Crypto assets shrug off SEC scrutiny, recovering from June lows
After years of lackluster enforcement, the SEC is finally cracking down — and the market doesn’t care
Bigc Studio/Shutterstock modified by Blockworks
Since early June, the SEC has been on the warpath, targeting a number of companies key to the crypto economy and declaring that a host of digital assets are unregistered securities.
Despite the aggressive posturing, the market has largely rallied in the wake of regulatory storm clouds, pushing the total cryptocurrency market cap up 13.3% since June 6, with numerous assets dubbed securities recovering from monthly lows.
The SEC on June 5 announced charges against a number of Binance entities, as well as charges against Binance founder Changpeng Zhao. The next day, the regulator also sued Coinbase, alleging the publicly traded company was operating an unlicensed securities exchange — taking aim at perhaps the two most important centralized crypto companies in a 24-hour span.
Between the Coinbase and Binance complaints, the SEC argued that a total of 18 non-stablecoin assets were securities.
Prior to the complaints, the SEC had been largely reluctant to signal which digital assets the regulator does and does not believe to be securities.
Not to mention that observers pointed out that the assets the SEC claimed were securities in the complaints coincided nearly-perfectly with the assets listed on Coinbase and Binance’s homepages.
Regardless of the perhaps arbitrary, perhaps slapdash, nature of the SEC’s assessment, markets responded negatively in the short term, with prices for large caps such as ATOM and BNB dropping 18% and 24%, respectively, in the days after the complaint.
Meanwhile, Coinbase stock — which the SEC permitted to be listed on American exchanges April 2021 as a registered security, despite later concluding Coinbase was operating as an unregistered securities exchange — likewise faltered, falling as much as 18% in premarket trading June 6.

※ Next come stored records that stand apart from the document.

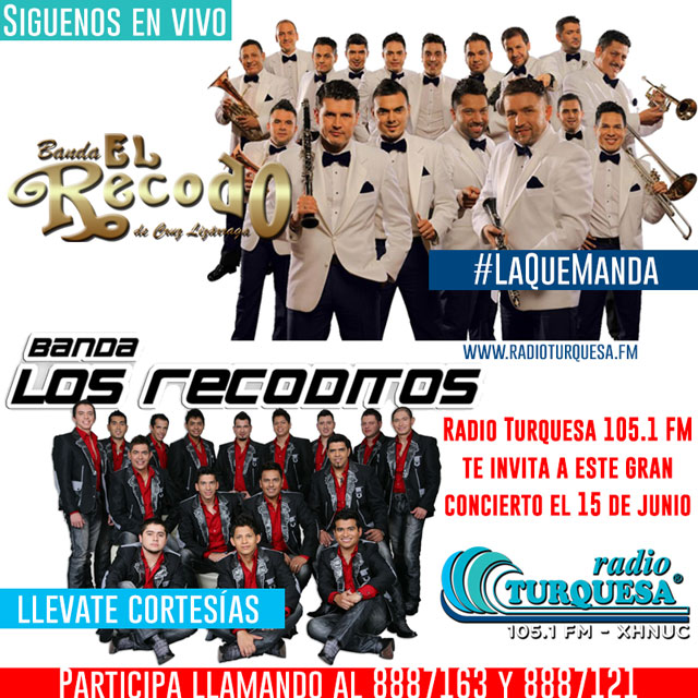 Radio Turquesa te invita al concierto de Banda el Recodo y Los Recoditos en Cancun este 15 de Junio en el Est. Cancun 86, lo unico que debes hacer es mantenerte sintonizando el 105.1 FM de tu radio y participar en las dinámicas que nuestros locutores mencionaran en cada programa.
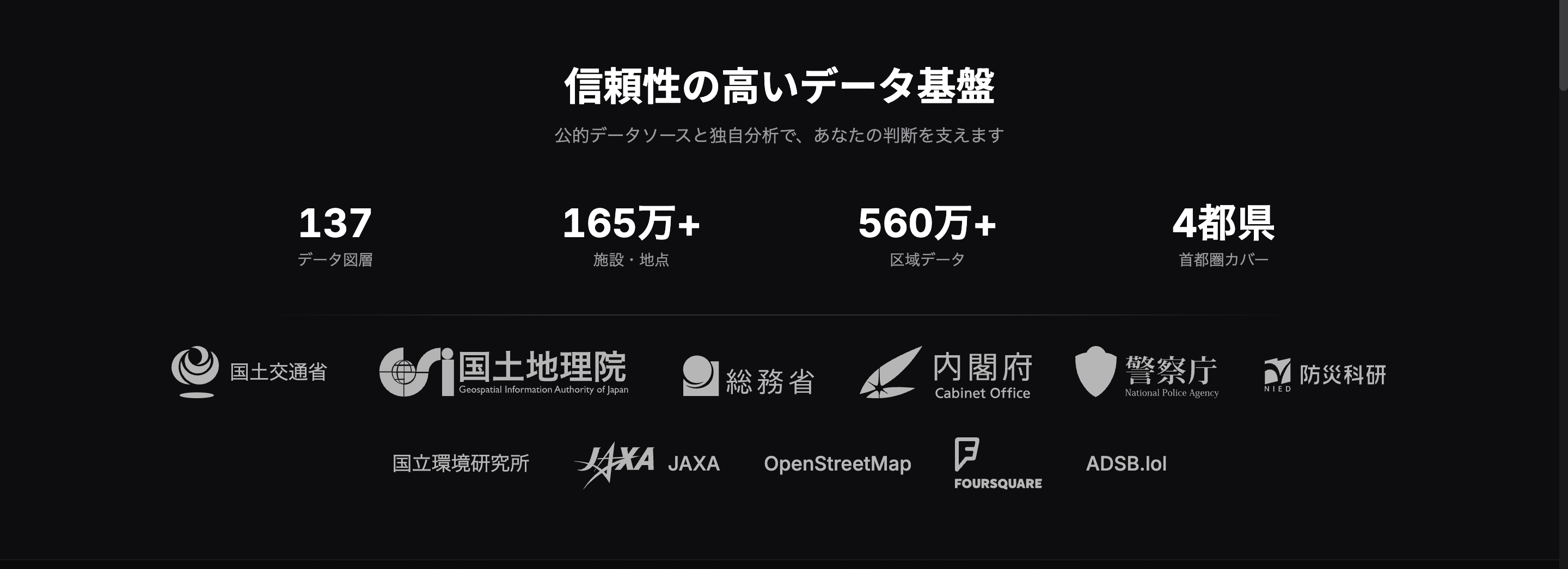 国土交通省(国土数値情報・不動産情報ライブラリ・都市計画決定情報GIS)/ 総務省統計局(e-Stat 国勢調査・経済センサス)/ 国土地理院(基盤地図情報)/ 防災科学技術研究所(J-SHIS 地震ハザードステーション)/ JAXA(GCOM-C 衛星観測データ)/ 国立環境研究所(大気環境データ)/ 内閣府(中央防災会議)/ 警察庁(交通事故統計)/ OpenStreetMap / Foursquare / ADSB.lol
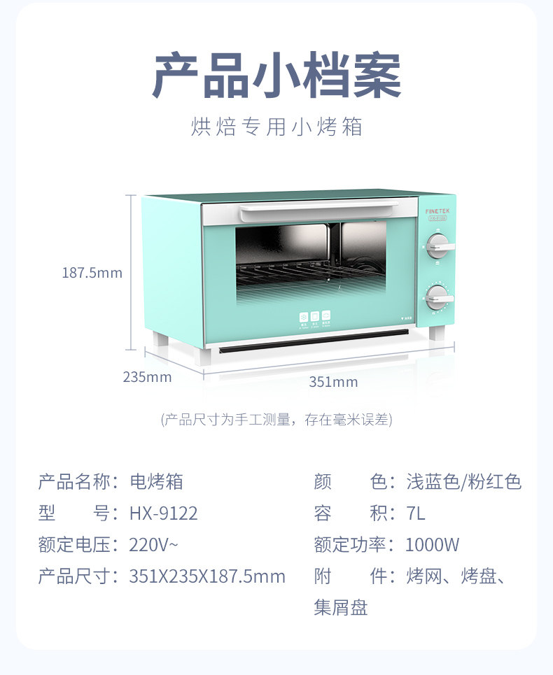 Finetek HX-9122 Умный верхний и нижний независимый теплый Mini 7L Маленькая печь полностью автоматическая профессиональная запеченная хлеб

Since June 6 lows, however, nearly half of affected assets have fully recovered, with the cohort of 19 assets in the green 70 basis points on average at the time of publication.
Leading the way: SOL and Coinbase’s COIN, up 27% and 51%, respectively.
Laggards BNB and SAND, meanwhile, dragged the basket down, remaining 18.5% and 12.6% in the red. Eleven of the 19 remain negative since the complaints, with 10 within a 5% margin of their June 6 price.
On Thursday, the SEC charged Celsius Network Limited with fraud and unregistered securities sales. Despite Celsius undergoing an already-lengthy bankruptcy process, and now facing a $4.7 billion FTC fine, CEL has improbably rallied nearly 20%.
Later the same day, a New York judge ruled in a long-standing lawsuit from the SEC that Ripple’s XRP cannot be considered a security in secondary sales on exchanges, but simultaneously that institutional sales of XRP could be considered securities offerings.
In total — adding Celsius’ CEL and XRP to a basket of equally-weighted COIN and the assets the SEC recently labeled securities — the “post SEC enforcement index” would be up 3.5% from the announcement of SEC action against each asset as well as the ruling on XRP.
In short, as the market digests recent SEC actions, enforcement appears increasingly toothless — at least when it comes to impacting digital asset prices.